**Exercise objective**
Transcribe word for word the section of the records below that opens with the line containing "Unisex lightweight shorts" and closes with the line containing "50ks černých a"; drop every picture.

Collected data entries
________________________________________

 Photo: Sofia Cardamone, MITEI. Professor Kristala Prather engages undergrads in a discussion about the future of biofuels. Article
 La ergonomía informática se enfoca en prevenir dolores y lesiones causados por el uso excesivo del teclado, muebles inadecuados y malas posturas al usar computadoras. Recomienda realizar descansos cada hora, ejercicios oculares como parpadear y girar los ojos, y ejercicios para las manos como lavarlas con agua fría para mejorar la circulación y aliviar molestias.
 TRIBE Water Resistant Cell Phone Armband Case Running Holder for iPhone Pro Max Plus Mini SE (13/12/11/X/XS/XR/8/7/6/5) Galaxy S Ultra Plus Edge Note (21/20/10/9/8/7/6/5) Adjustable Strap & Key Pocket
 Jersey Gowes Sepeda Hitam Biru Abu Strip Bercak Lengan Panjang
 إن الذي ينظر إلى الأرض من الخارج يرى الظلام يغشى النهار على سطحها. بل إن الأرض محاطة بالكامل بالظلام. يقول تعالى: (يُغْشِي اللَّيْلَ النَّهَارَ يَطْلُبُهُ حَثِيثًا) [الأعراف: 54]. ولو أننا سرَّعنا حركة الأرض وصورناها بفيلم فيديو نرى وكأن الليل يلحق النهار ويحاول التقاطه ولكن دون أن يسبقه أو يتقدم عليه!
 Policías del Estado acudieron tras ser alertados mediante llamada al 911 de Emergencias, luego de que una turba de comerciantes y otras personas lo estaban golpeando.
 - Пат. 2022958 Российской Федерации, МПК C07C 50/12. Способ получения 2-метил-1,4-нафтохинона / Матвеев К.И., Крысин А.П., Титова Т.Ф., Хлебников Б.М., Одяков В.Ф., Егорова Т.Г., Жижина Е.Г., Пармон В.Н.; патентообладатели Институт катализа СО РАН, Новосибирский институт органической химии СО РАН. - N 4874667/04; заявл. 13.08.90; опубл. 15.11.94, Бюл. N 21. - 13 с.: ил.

________________________________________

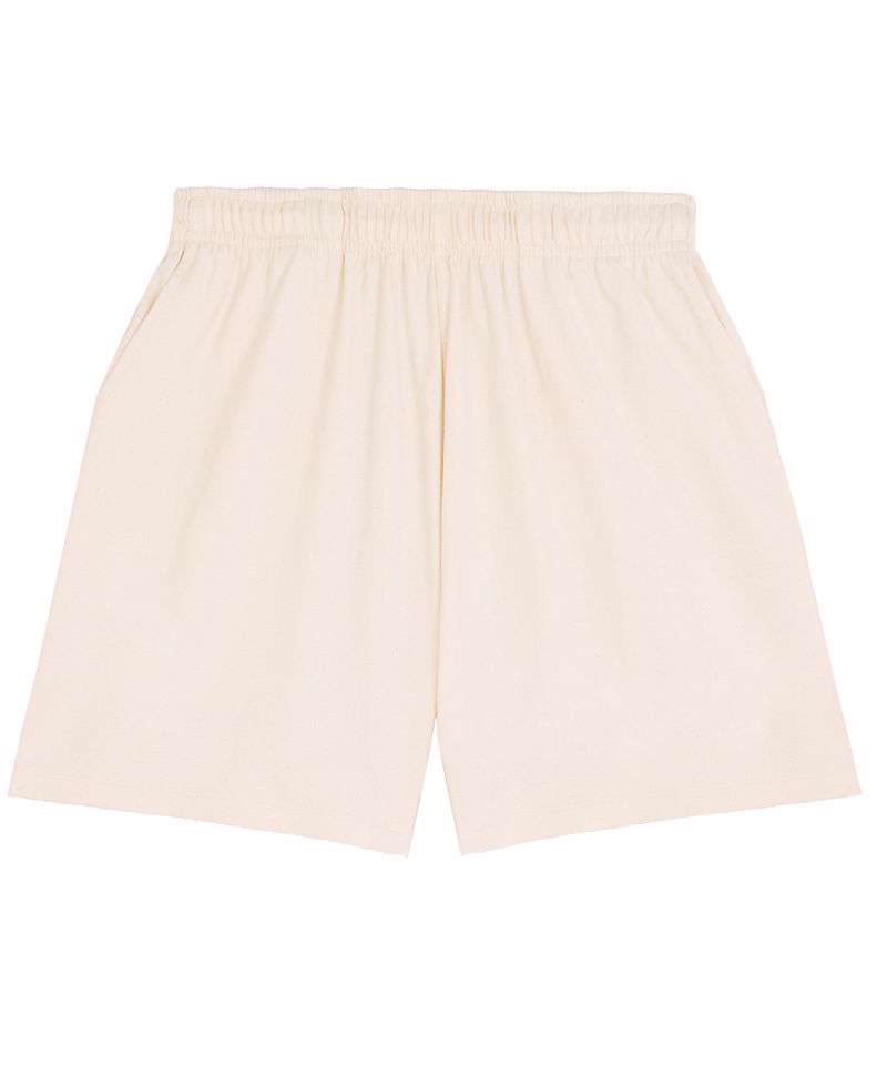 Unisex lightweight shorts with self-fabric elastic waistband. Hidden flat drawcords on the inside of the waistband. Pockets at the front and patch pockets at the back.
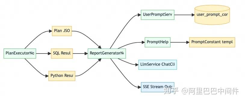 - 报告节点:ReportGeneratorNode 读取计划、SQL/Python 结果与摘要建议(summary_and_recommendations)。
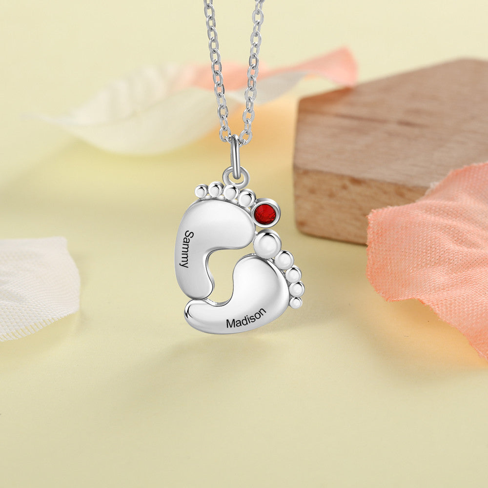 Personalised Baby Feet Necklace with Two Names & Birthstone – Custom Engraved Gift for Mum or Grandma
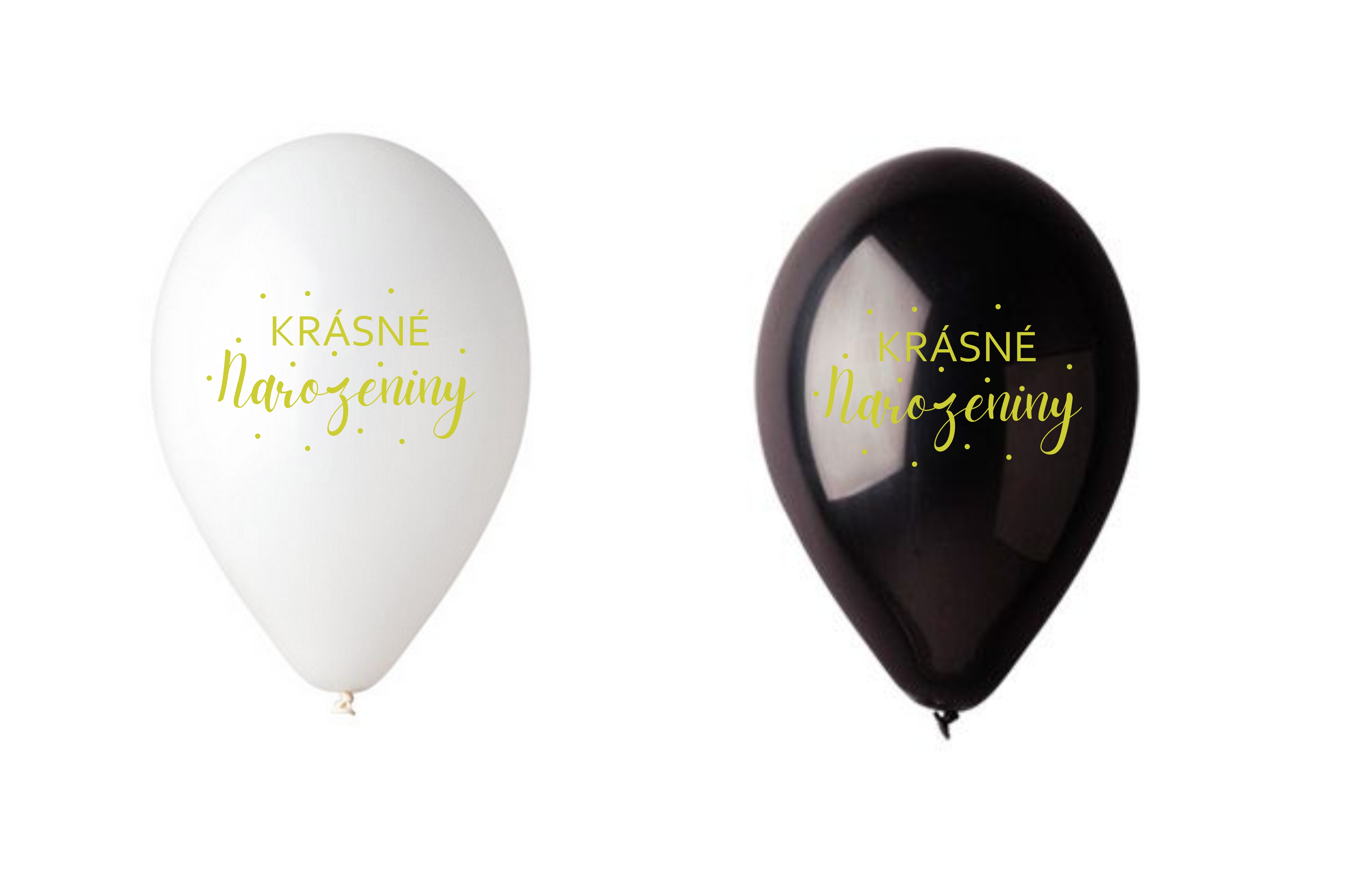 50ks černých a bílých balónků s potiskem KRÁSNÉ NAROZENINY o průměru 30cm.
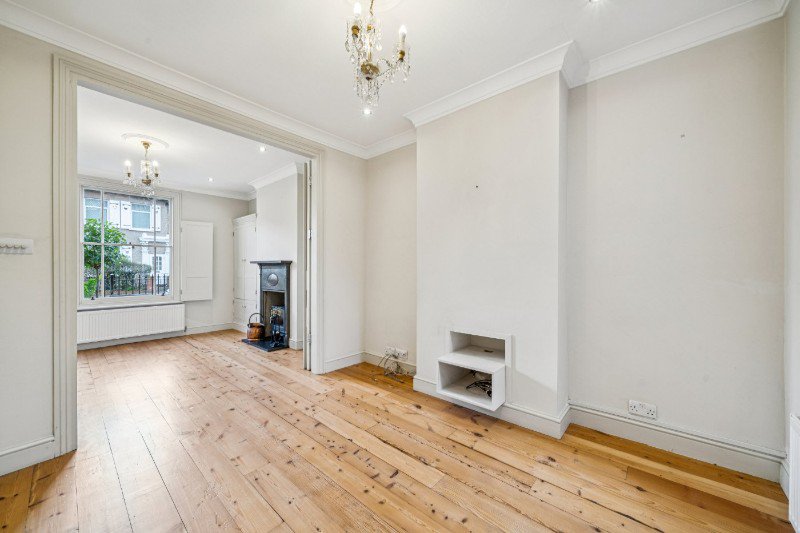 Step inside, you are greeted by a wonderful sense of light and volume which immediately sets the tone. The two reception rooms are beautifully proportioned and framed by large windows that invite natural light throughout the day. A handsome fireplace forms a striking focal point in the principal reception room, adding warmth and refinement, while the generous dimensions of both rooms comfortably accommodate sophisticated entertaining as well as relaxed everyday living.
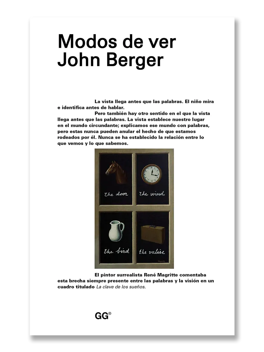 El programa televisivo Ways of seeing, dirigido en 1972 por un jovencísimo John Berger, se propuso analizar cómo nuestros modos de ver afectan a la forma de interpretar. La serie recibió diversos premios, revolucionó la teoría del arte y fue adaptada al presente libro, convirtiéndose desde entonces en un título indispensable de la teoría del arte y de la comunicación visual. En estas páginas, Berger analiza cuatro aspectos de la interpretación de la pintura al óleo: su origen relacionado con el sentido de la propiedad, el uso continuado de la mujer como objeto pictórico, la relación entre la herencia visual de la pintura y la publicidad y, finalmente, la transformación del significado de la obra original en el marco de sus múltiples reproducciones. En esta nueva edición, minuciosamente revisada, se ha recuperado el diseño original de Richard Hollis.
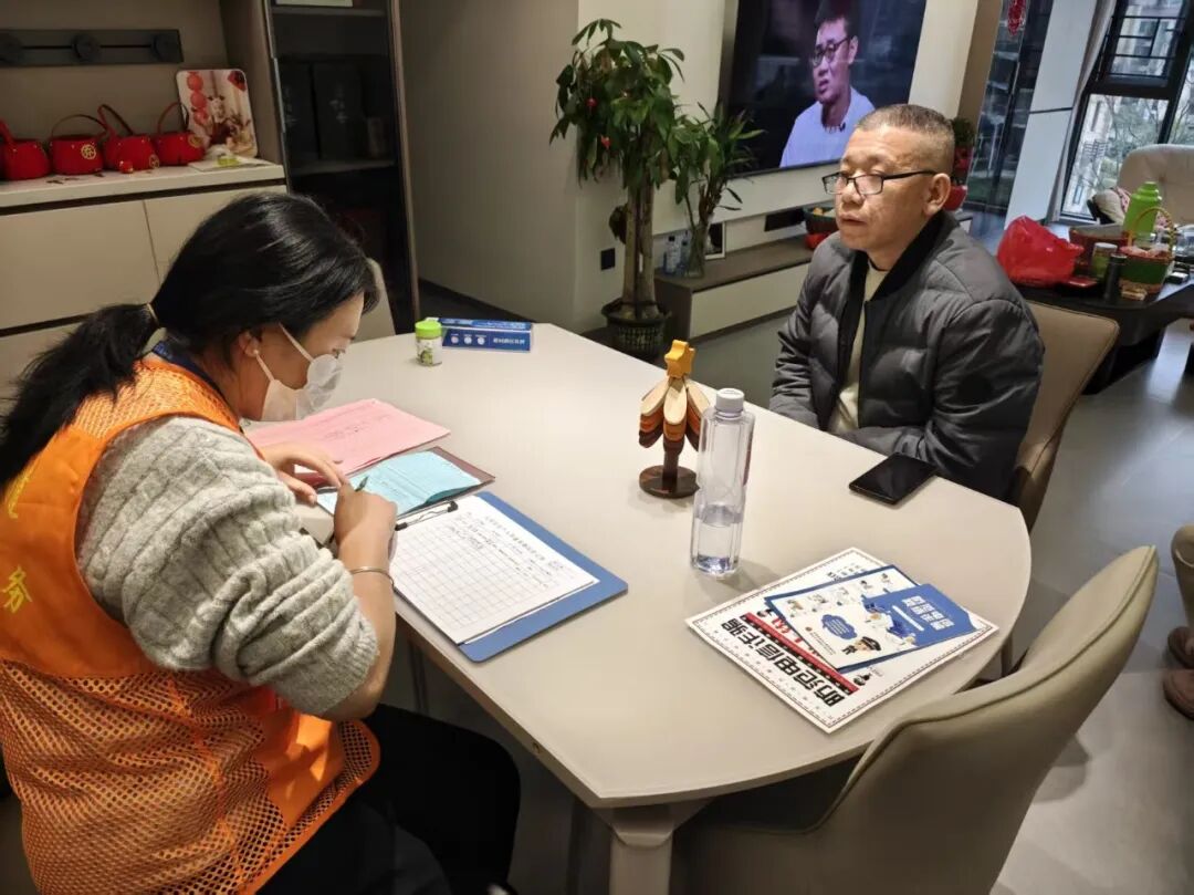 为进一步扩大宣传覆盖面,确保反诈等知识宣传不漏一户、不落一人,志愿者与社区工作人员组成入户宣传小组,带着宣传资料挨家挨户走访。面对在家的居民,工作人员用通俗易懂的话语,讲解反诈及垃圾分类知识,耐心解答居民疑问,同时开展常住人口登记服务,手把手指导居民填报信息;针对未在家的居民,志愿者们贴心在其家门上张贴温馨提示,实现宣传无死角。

________________________________________

**Your solution**
 Unisex lightweight shorts with self-fabric elastic waistband. Hidden flat drawcords on the inside of the waistband. Pockets at the front and patch pockets at the back.
 - 报告节点:ReportGeneratorNode 读取计划、SQL/Python 结果与摘要建议(summary_and_recommendations)。
 Personalised Baby Feet Necklace with Two Names & Birthstone – Custom Engraved Gift for Mum or Grandma
 50ks černých a bílých balónků s potiskem KRÁSNÉ NAROZENINY o průměru 30cm.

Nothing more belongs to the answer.